▸ **Exercise requirements**: The response should repeat word for word every line below from the one with "Moved into our" to the one with "本データセットは、Qlean", inclusive, and nothing else; leave pictures out.
** Opening Task inputs block **
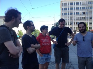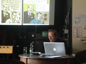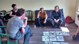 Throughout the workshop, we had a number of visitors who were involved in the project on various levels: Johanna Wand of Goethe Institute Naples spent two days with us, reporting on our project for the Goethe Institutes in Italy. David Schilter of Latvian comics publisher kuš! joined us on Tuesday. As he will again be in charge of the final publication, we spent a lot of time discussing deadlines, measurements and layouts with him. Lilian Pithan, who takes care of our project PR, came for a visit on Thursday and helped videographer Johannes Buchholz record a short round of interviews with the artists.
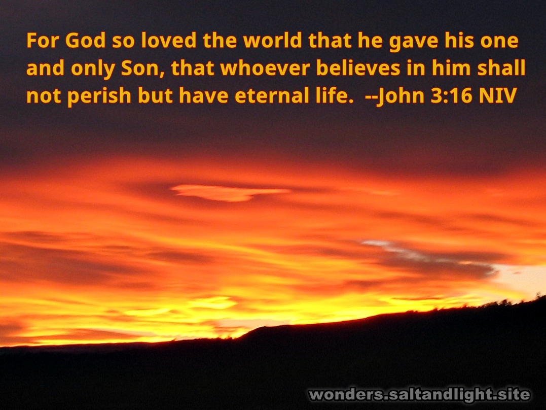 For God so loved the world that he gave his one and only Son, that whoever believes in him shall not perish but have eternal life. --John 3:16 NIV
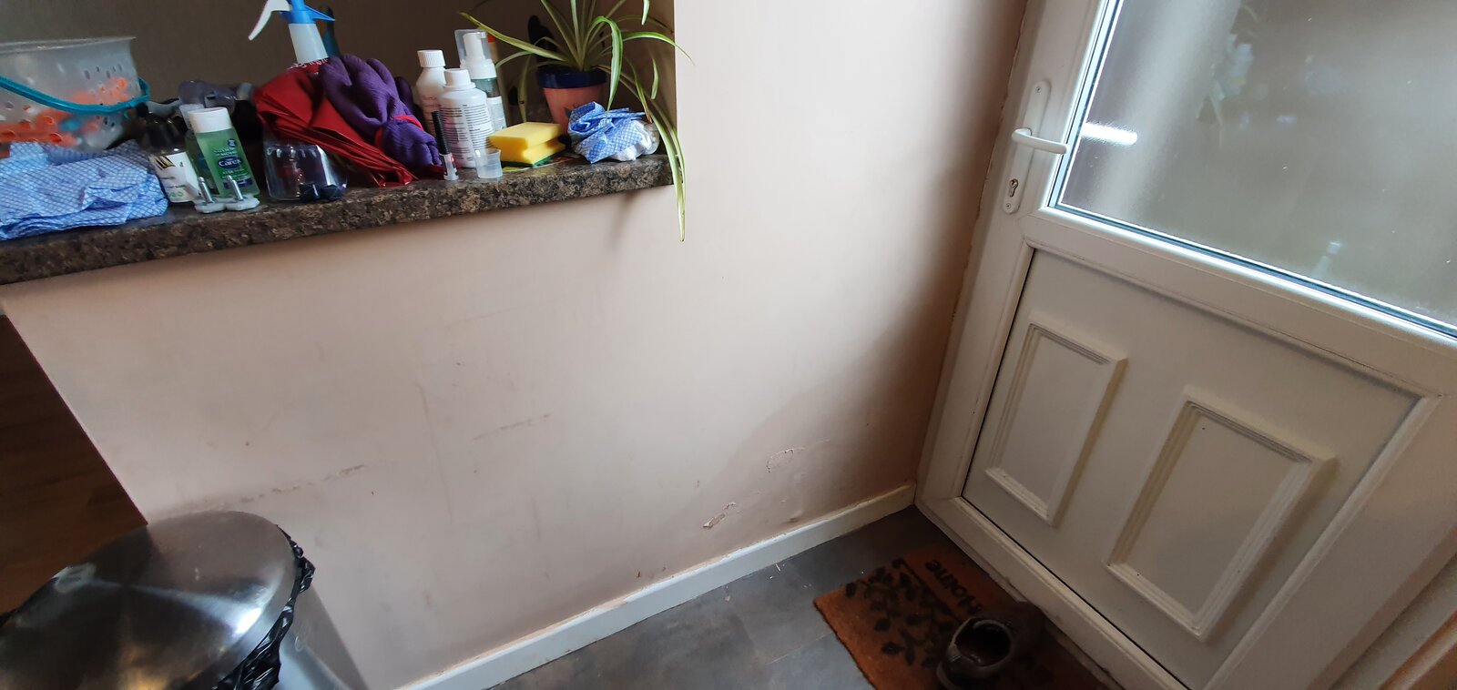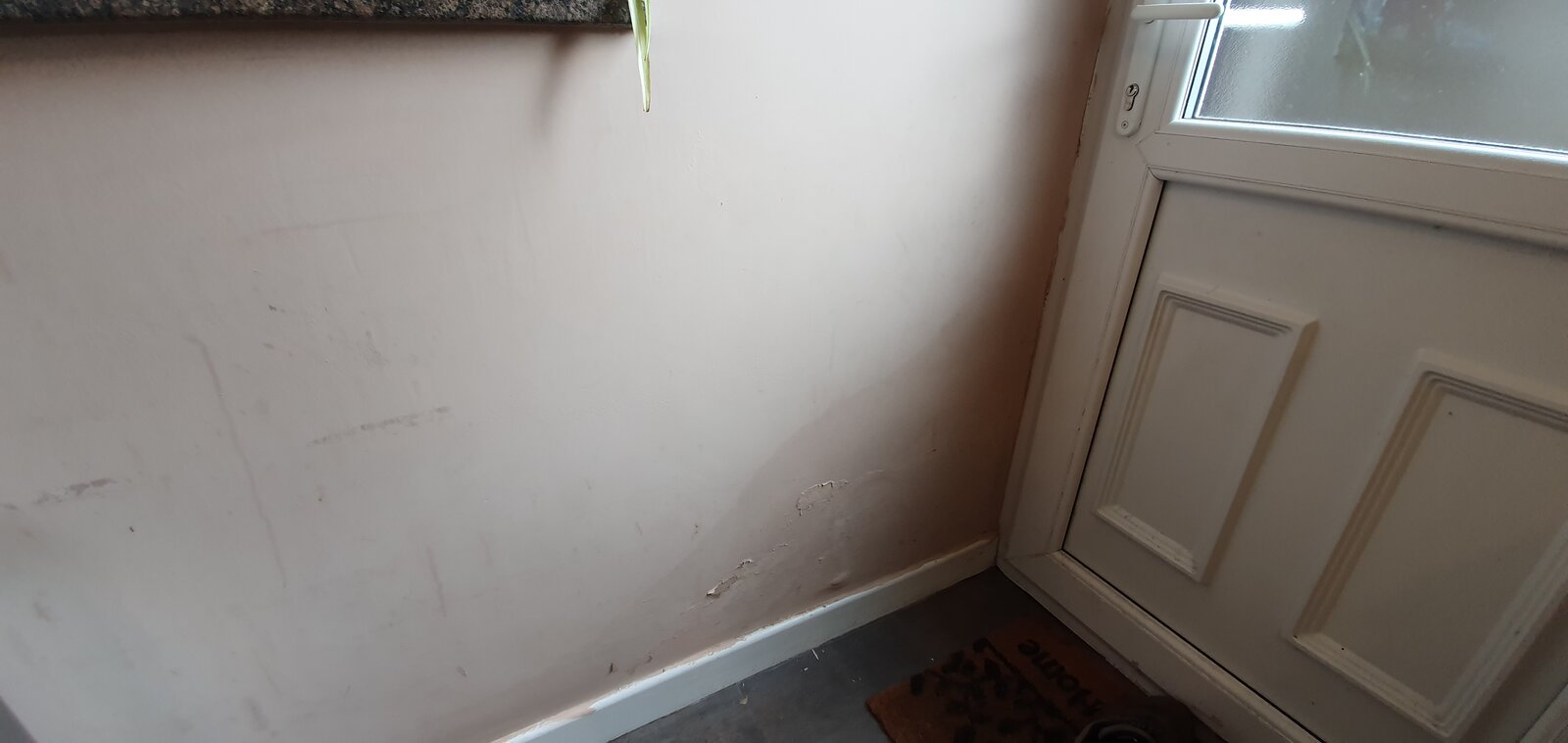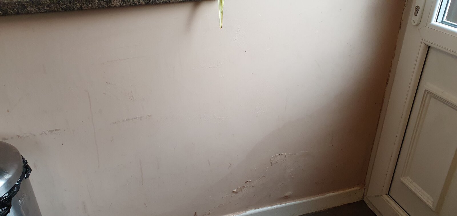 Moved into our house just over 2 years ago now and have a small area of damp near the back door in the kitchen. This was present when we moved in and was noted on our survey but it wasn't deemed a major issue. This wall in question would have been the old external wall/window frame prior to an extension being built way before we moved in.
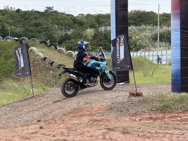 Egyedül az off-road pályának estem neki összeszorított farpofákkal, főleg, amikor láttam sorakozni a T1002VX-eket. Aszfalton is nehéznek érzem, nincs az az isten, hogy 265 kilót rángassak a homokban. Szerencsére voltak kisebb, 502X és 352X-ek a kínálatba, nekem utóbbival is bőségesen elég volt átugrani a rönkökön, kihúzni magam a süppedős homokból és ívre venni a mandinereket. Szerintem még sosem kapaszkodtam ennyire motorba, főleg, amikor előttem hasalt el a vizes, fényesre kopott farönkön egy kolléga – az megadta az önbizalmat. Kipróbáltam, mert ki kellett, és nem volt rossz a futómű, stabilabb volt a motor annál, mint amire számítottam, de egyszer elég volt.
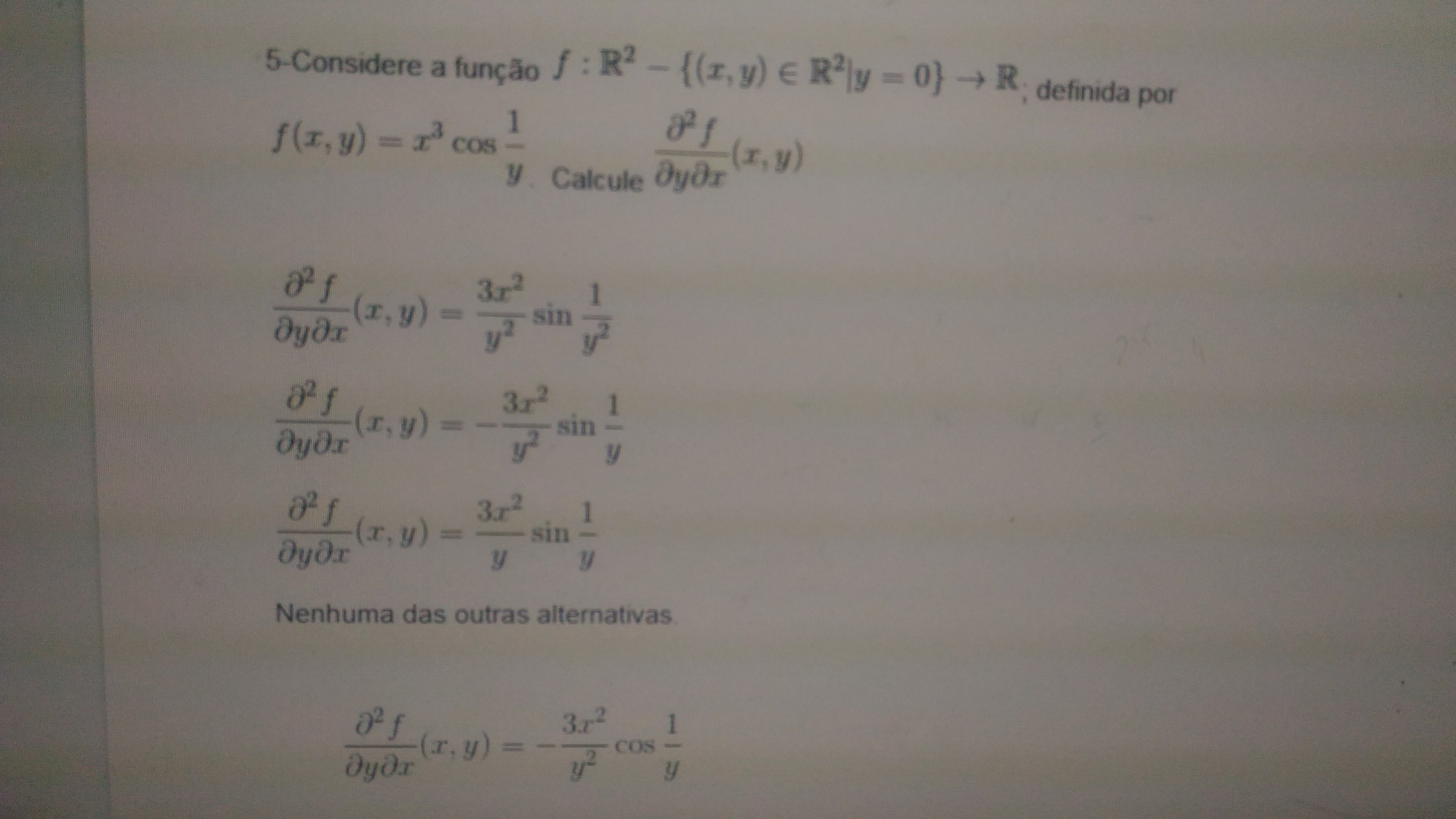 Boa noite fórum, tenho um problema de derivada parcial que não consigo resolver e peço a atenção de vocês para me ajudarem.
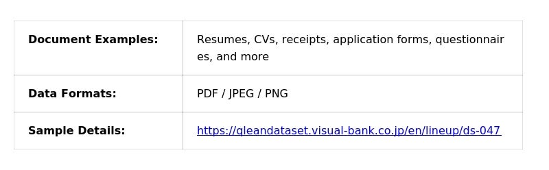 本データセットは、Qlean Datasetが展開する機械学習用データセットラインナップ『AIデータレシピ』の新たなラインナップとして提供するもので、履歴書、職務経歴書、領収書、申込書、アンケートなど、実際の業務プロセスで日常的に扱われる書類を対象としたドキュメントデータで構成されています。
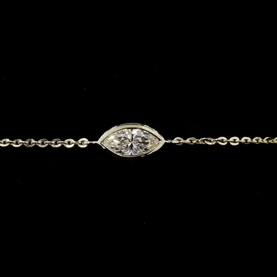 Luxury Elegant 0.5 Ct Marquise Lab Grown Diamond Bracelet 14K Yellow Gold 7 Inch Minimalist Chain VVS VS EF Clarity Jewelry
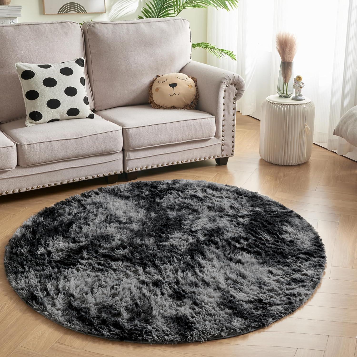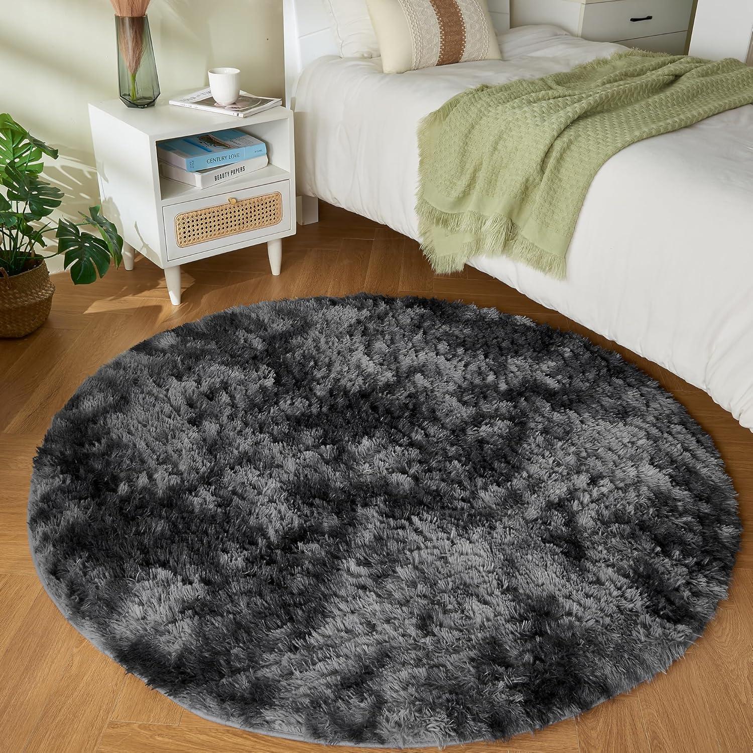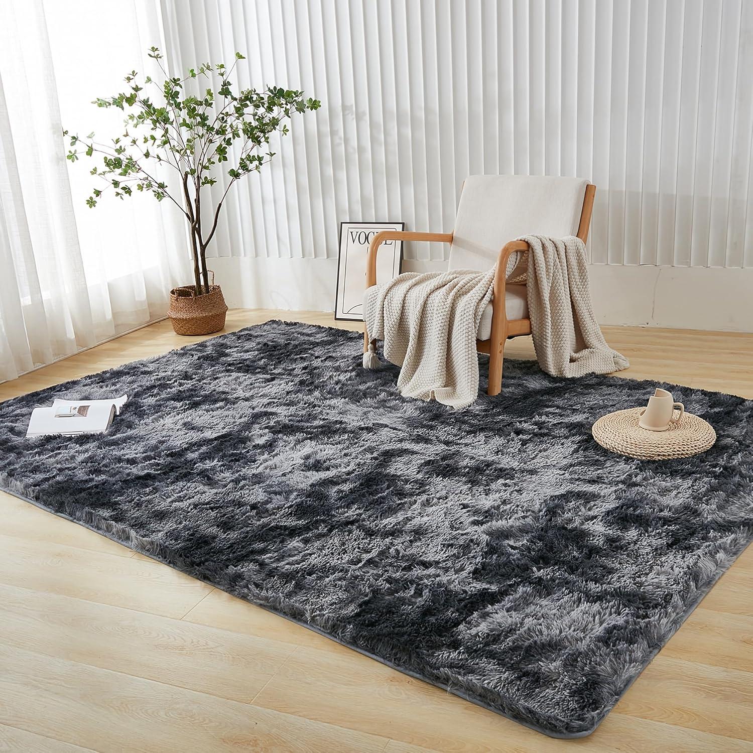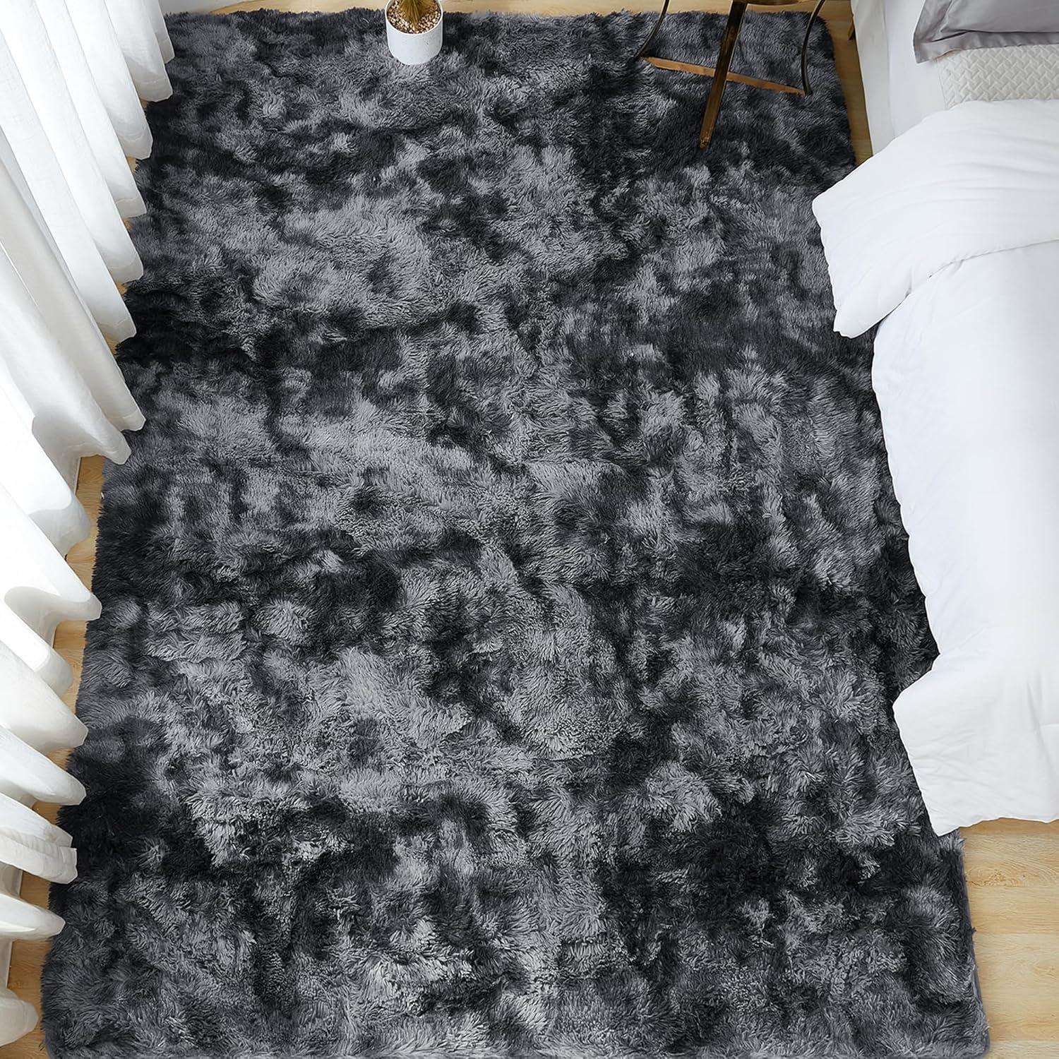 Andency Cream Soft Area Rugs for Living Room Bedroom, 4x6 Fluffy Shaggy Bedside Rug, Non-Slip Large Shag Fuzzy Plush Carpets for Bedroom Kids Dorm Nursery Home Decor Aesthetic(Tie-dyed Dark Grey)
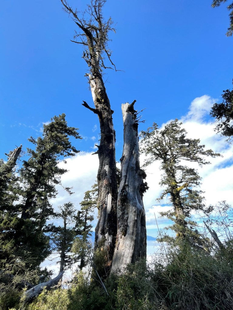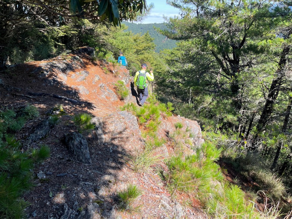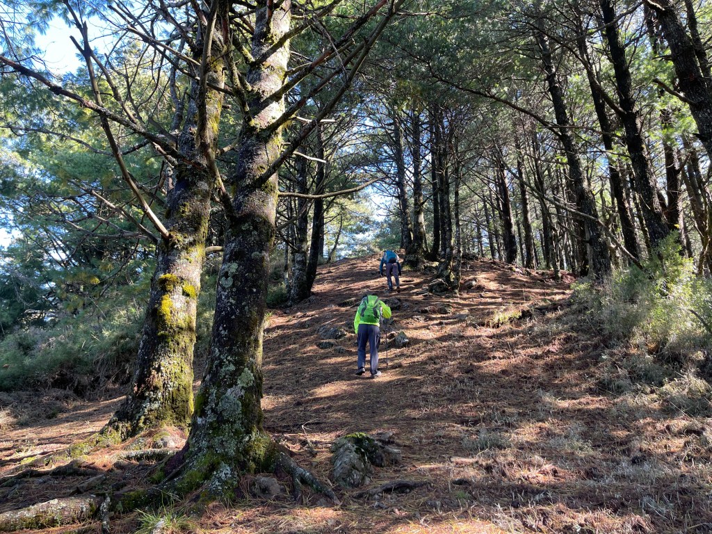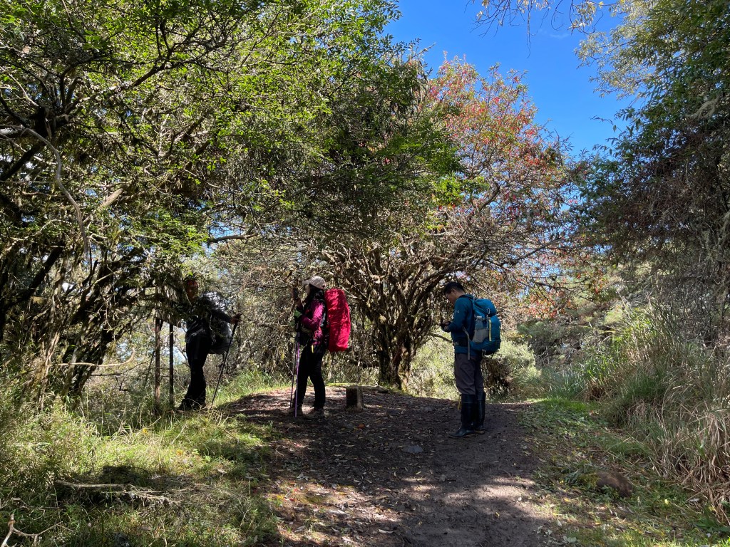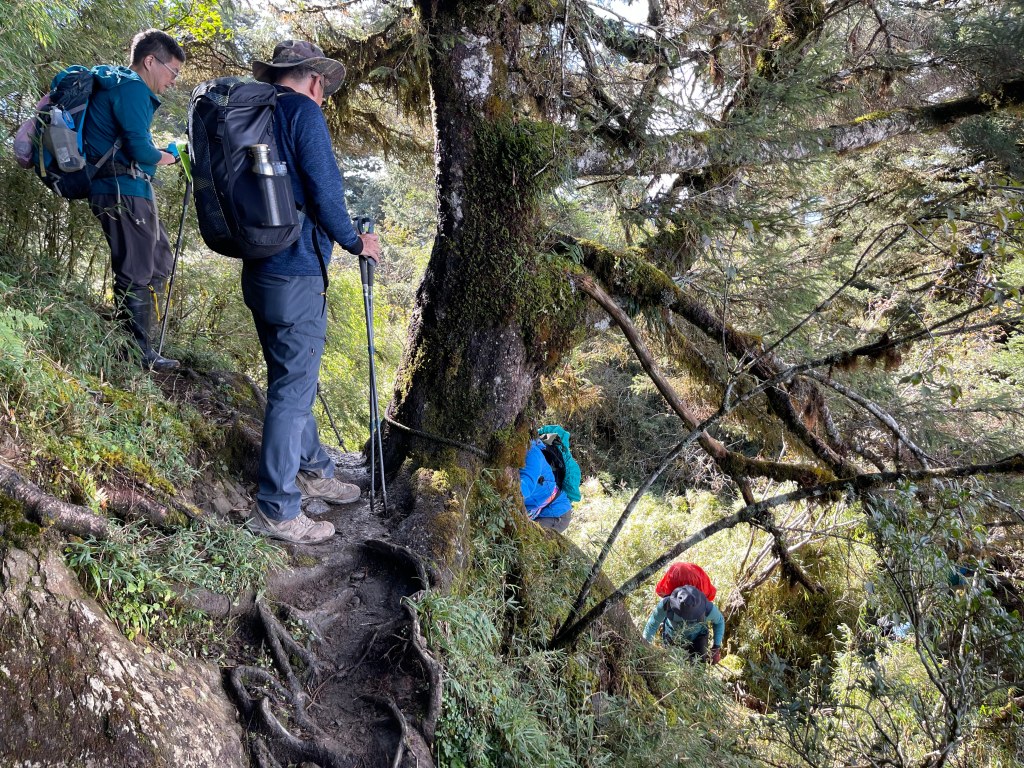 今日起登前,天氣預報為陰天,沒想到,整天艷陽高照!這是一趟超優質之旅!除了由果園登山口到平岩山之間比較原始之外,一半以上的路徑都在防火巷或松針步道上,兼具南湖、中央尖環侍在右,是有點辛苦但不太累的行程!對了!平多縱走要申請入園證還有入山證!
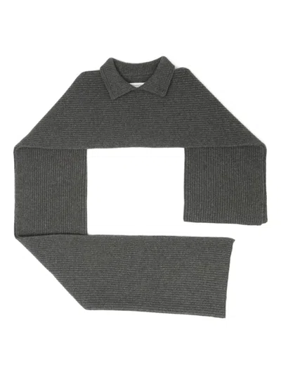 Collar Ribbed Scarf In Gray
** Closing Task inputs block **
▸ **Task output**:
 Moved into our house just over 2 years ago now and have a small area of damp near the back door in the kitchen. This was present when we moved in and was noted on our survey but it wasn't deemed a major issue. This wall in question would have been the old external wall/window frame prior to an extension being built way before we moved in.
 Egyedül az off-road pályának estem neki összeszorított farpofákkal, főleg, amikor láttam sorakozni a T1002VX-eket. Aszfalton is nehéznek érzem, nincs az az isten, hogy 265 kilót rángassak a homokban. Szerencsére voltak kisebb, 502X és 352X-ek a kínálatba, nekem utóbbival is bőségesen elég volt átugrani a rönkökön, kihúzni magam a süppedős homokból és ívre venni a mandinereket. Szerintem még sosem kapaszkodtam ennyire motorba, főleg, amikor előttem hasalt el a vizes, fényesre kopott farönkön egy kolléga – az megadta az önbizalmat. Kipróbáltam, mert ki kellett, és nem volt rossz a futómű, stabilabb volt a motor annál, mint amire számítottam, de egyszer elég volt.
 Boa noite fórum, tenho um problema de derivada parcial que não consigo resolver e peço a atenção de vocês para me ajudarem.
 本データセットは、Qlean Datasetが展開する機械学習用データセットラインナップ『AIデータレシピ』の新たなラインナップとして提供するもので、履歴書、職務経歴書、領収書、申込書、アンケートなど、実際の業務プロセスで日常的に扱われる書類を対象としたドキュメントデータで構成されています。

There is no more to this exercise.